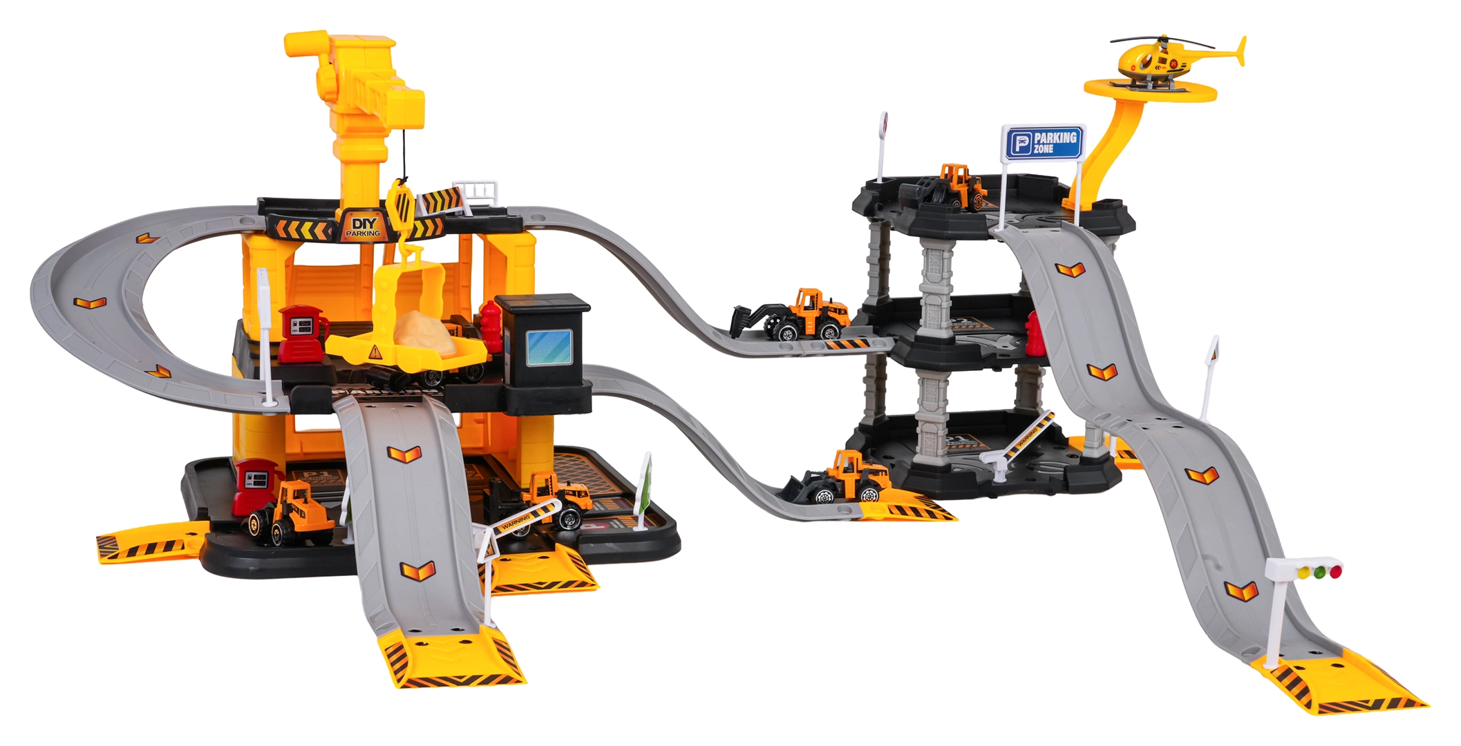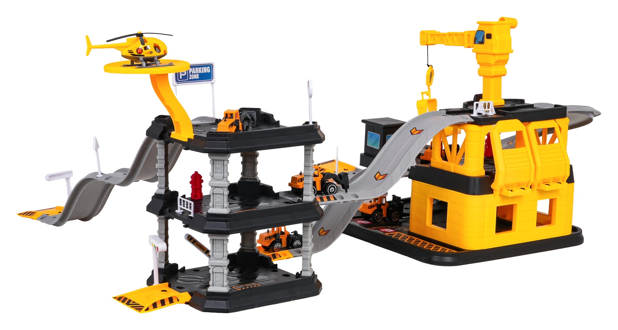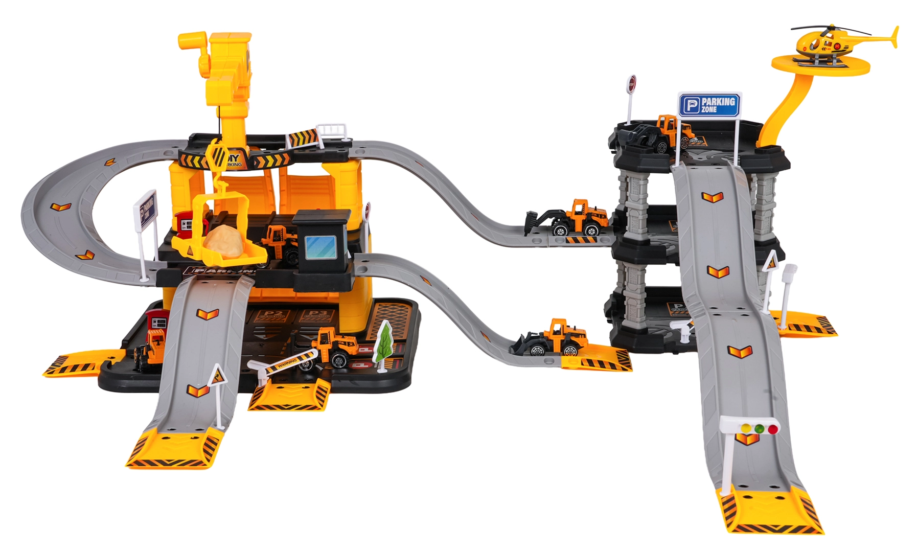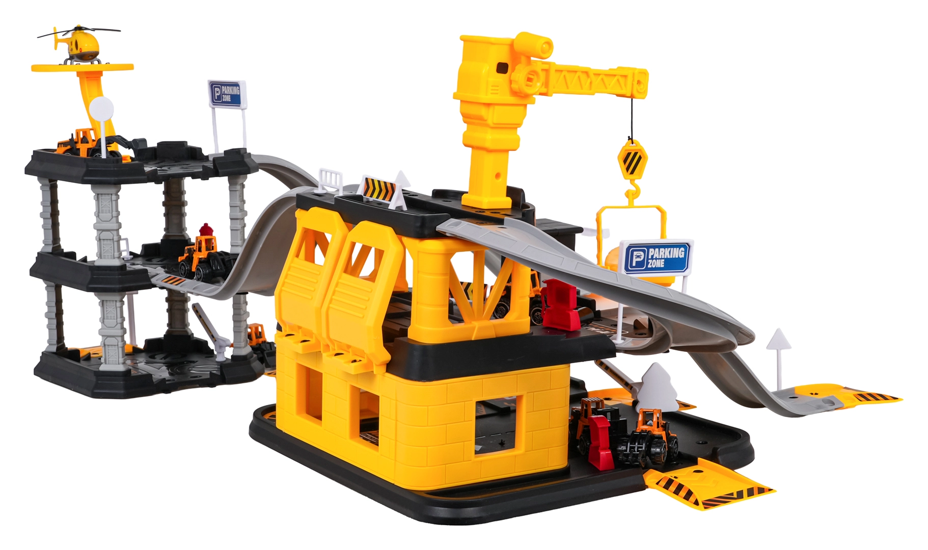 Parcarea pe trei etaje cu heliport este conectată la un șantier pe trei etaje cu rampe și macara. Copiii pot circula fluent între zone și pot crea propriile scenarii de construcție.
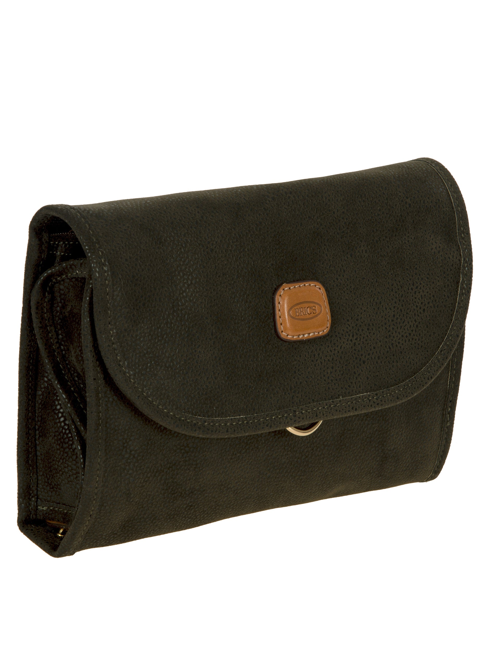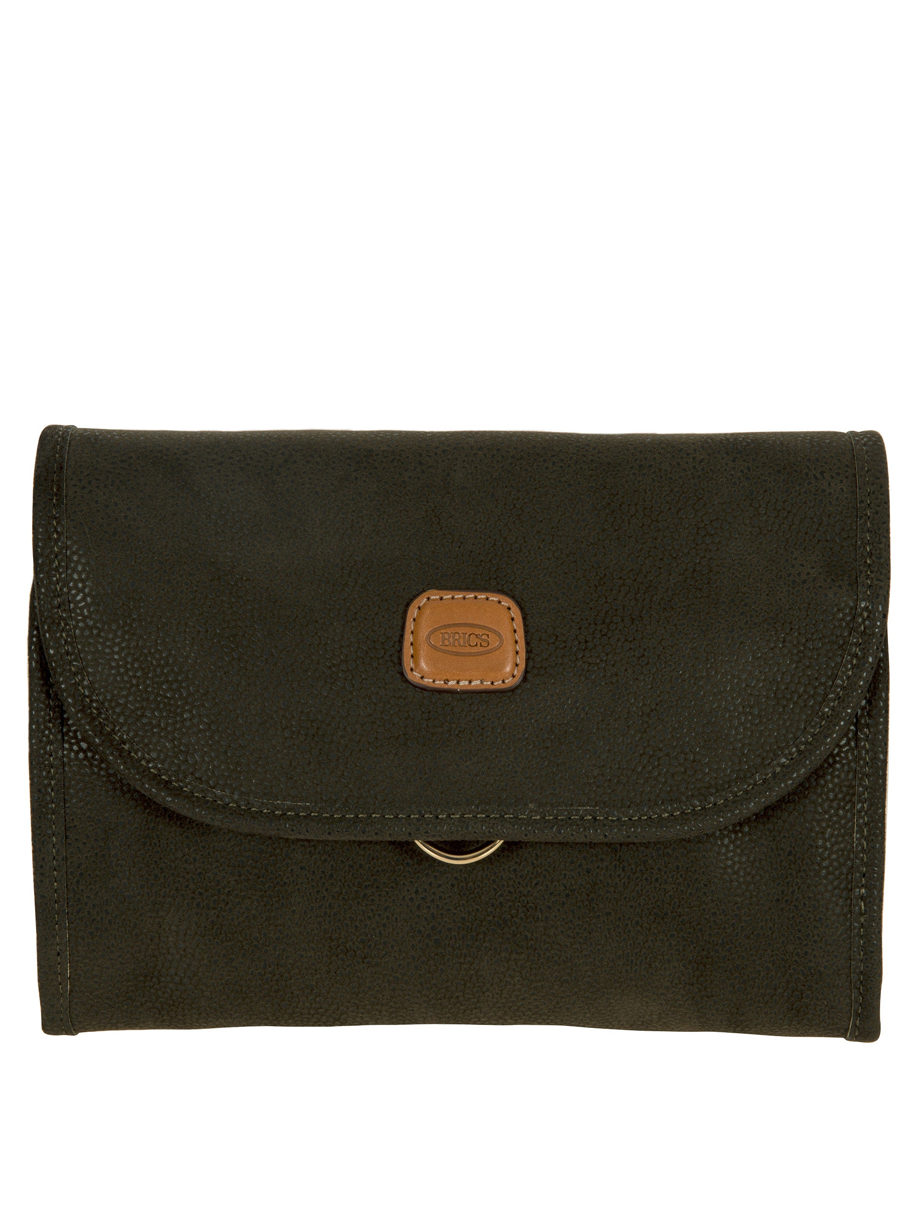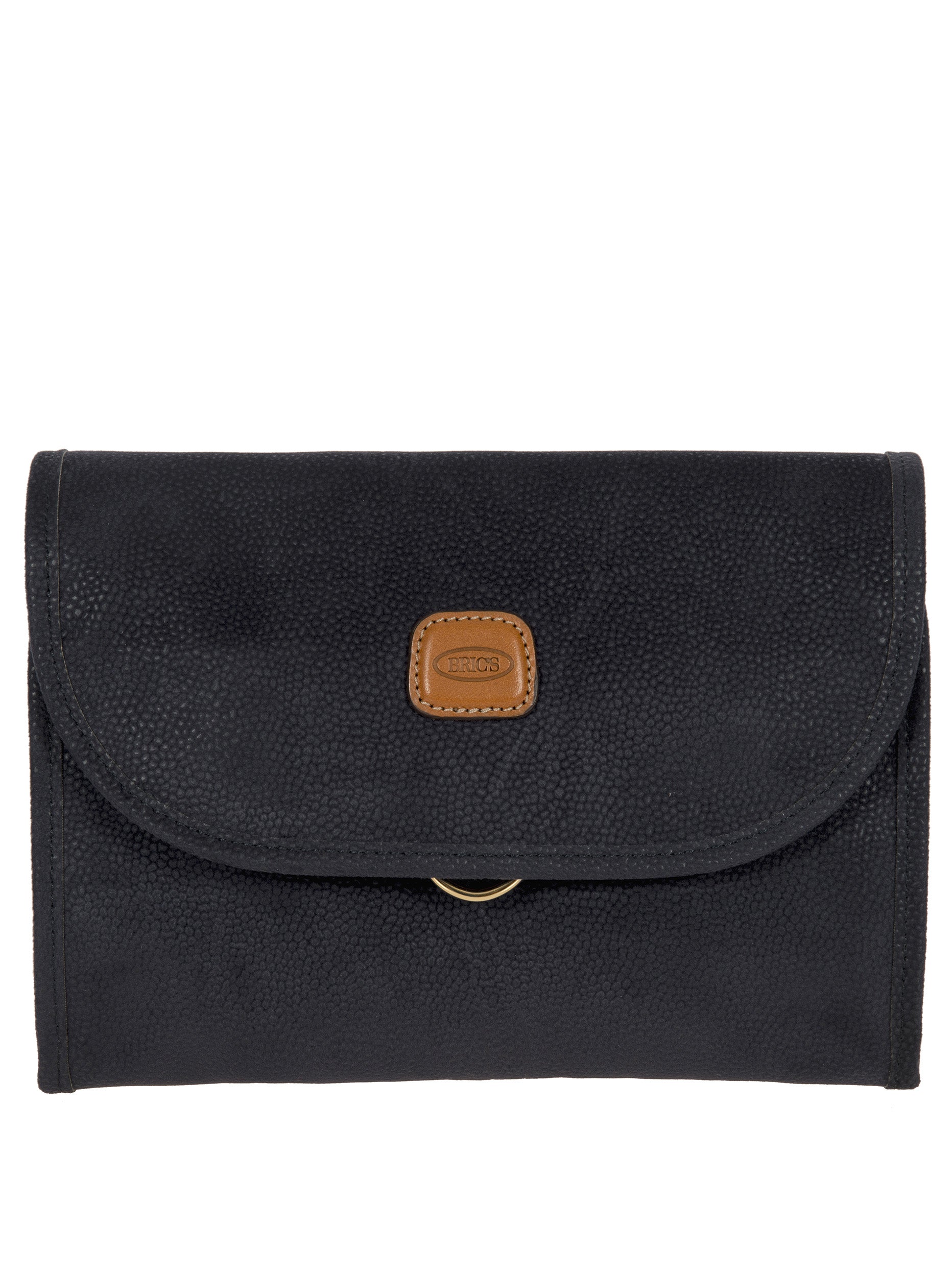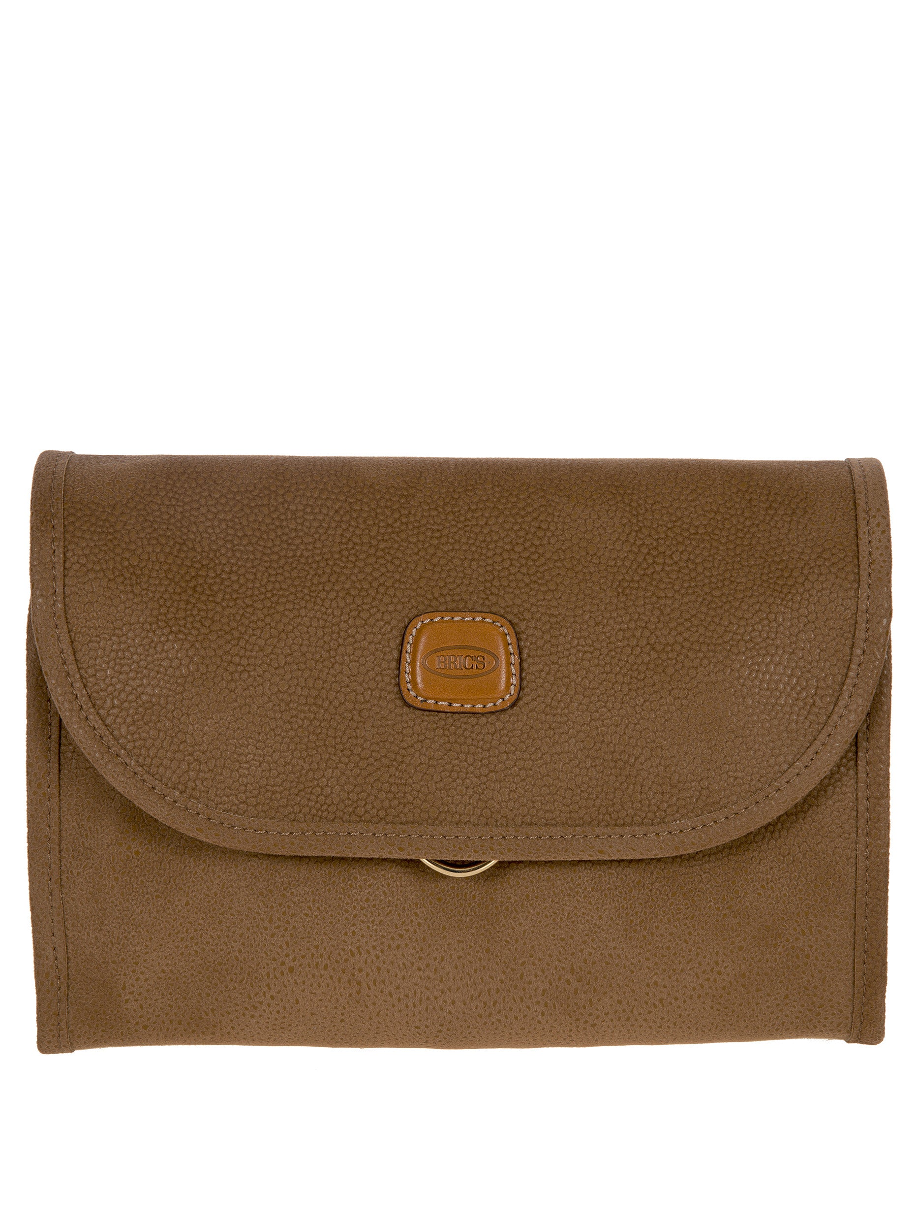 Tri-fold necessaire from Bric's LIFE collection made in durable synthetic material that is a pleasure to touch, thanks to its suede effect surface. It also comes with vegetable tanned Tuscan leather finishes. Complete with every comfort, this overnight case fuses style with practicality and boasts a wrap opening and a hanging hook. EXTERIOR: two magnetic button closures and leather finishes. INTERIOR: two zipped pockets and two transparent open compartments at the top. The practical hook allows it to be hung.
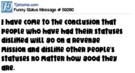 X is I have come to the conclusion that people who have had their statuses disliked will go on a revenge mission and dislike other people's statuses no matter how good they are.
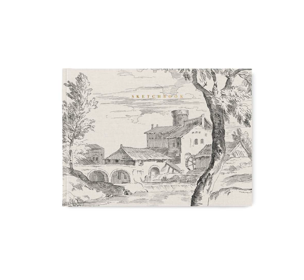 Designer sketchbook with flexible cover wrapped in book cloth, metallic gold foil accent, and bright white, quality drawing paper.
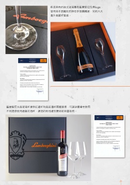 杯底具有內嵌式玻璃雕刻藍寶堅尼品牌logo, 使用時不因雕刻而降低手接觸觸感,同時大大 提升高腳杯質感。 藍寶堅尼水晶玻璃杯提供紅酒杯和氣泡酒杯兩種選擇,可讓消費者在飲用 不同酒款使用適當的酒杯,讓酒的特性達到更好的味蕾表現。 26
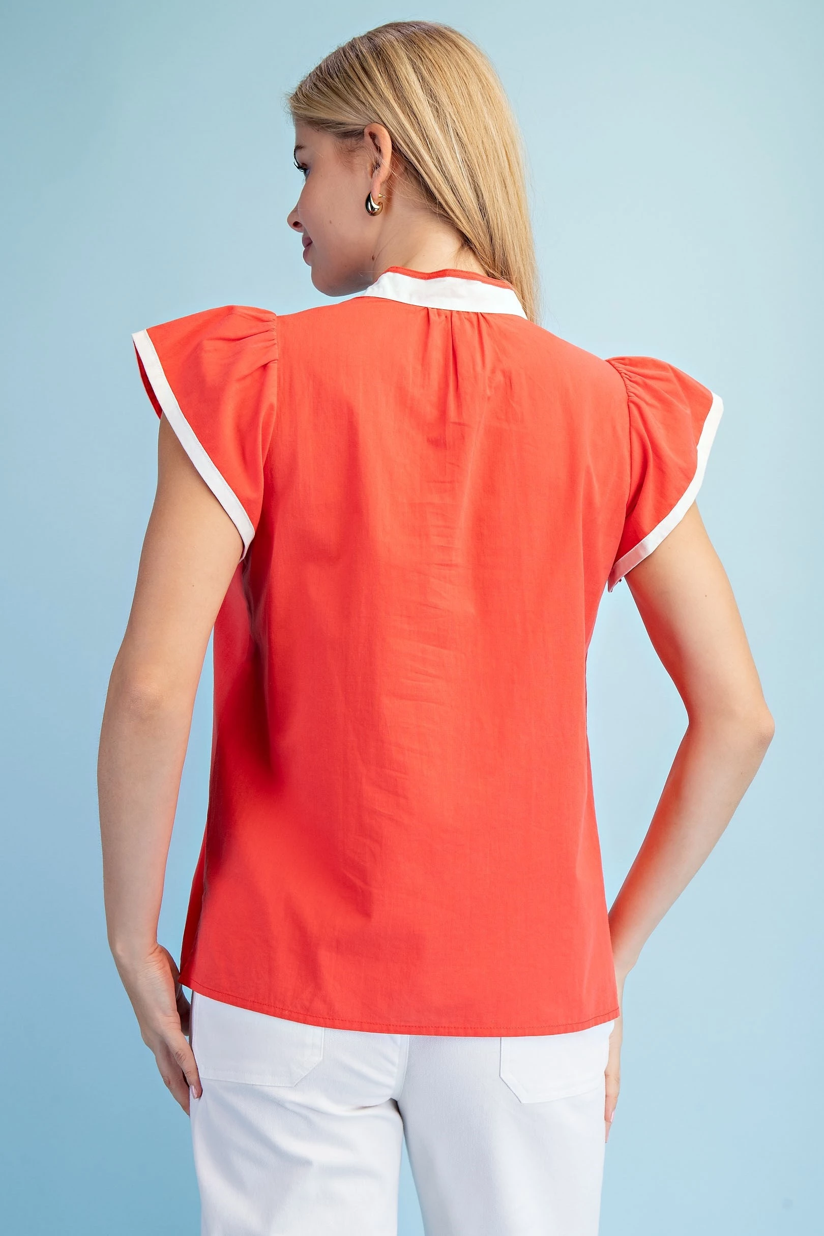 Linen V-Neck Top with a Padded Cap Sleeve
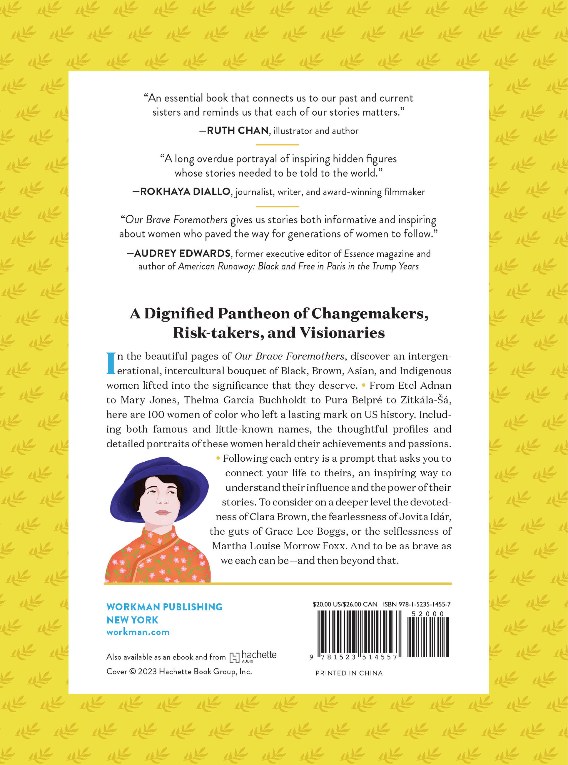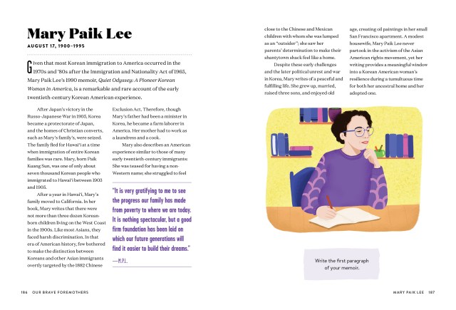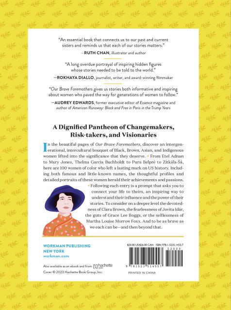 In the beautiful pages of Our Brave Foremothers, discover an intergenerational, intercultural bouquet of Black, Brown, Asian, and Indigenous women lifted into the significance that they deserve. • From Etel Adnan to Mary Jones, Thelma Garcia Buchholdt to Pura Belpré to Zitkála-Šá, here are 100 women of color who left a lasting mark on United States history. Including both famous and little-known names, the thoughtful profiles and detailed portraits of these women herald their achievements and passions. • Following each entry is a prompt that asks you to connect your life to theirs, an inspiring way to understand their influence and the power of their stories. To consider on a deeper level the devotedness of Clara Brown, the fearlessness of Jovita Idár, the guts of Grace Lee Boggs, or the selflessness of Martha Louise Morrow Foxx. And to be as brave as we each can be—and then beyond that.
*-*-*
_Exercise details_: From the first line to the last, copy the records above exactly and leave out the pictures.

_Answer section_:
 Parcarea pe trei etaje cu heliport este conectată la un șantier pe trei etaje cu rampe și macara. Copiii pot circula fluent între zone și pot crea propriile scenarii de construcție.
 Tri-fold necessaire from Bric's LIFE collection made in durable synthetic material that is a pleasure to touch, thanks to its suede effect surface. It also comes with vegetable tanned Tuscan leather finishes. Complete with every comfort, this overnight case fuses style with practicality and boasts a wrap opening and a hanging hook. EXTERIOR: two magnetic button closures and leather finishes. INTERIOR: two zipped pockets and two transparent open compartments at the top. The practical hook allows it to be hung.
 X is I have come to the conclusion that people who have had their statuses disliked will go on a revenge mission and dislike other people's statuses no matter how good they are.
 Designer sketchbook with flexible cover wrapped in book cloth, metallic gold foil accent, and bright white, quality drawing paper.
 杯底具有內嵌式玻璃雕刻藍寶堅尼品牌logo, 使用時不因雕刻而降低手接觸觸感,同時大大 提升高腳杯質感。 藍寶堅尼水晶玻璃杯提供紅酒杯和氣泡酒杯兩種選擇,可讓消費者在飲用 不同酒款使用適當的酒杯,讓酒的特性達到更好的味蕾表現。 26
 Linen V-Neck Top with a Padded Cap Sleeve
 In the beautiful pages of Our Brave Foremothers, discover an intergenerational, intercultural bouquet of Black, Brown, Asian, and Indigenous women lifted into the significance that they deserve. • From Etel Adnan to Mary Jones, Thelma Garcia Buchholdt to Pura Belpré to Zitkála-Šá, here are 100 women of color who left a lasting mark on United States history. Including both famous and little-known names, the thoughtful profiles and detailed portraits of these women herald their achievements and passions. • Following each entry is a prompt that asks you to connect your life to theirs, an inspiring way to understand their influence and the power of their stories. To consider on a deeper level the devotedness of Clara Brown, the fearlessness of Jovita Idár, the guts of Grace Lee Boggs, or the selflessness of Martha Louise Morrow Foxx. And to be as brave as we each can be—and then beyond that.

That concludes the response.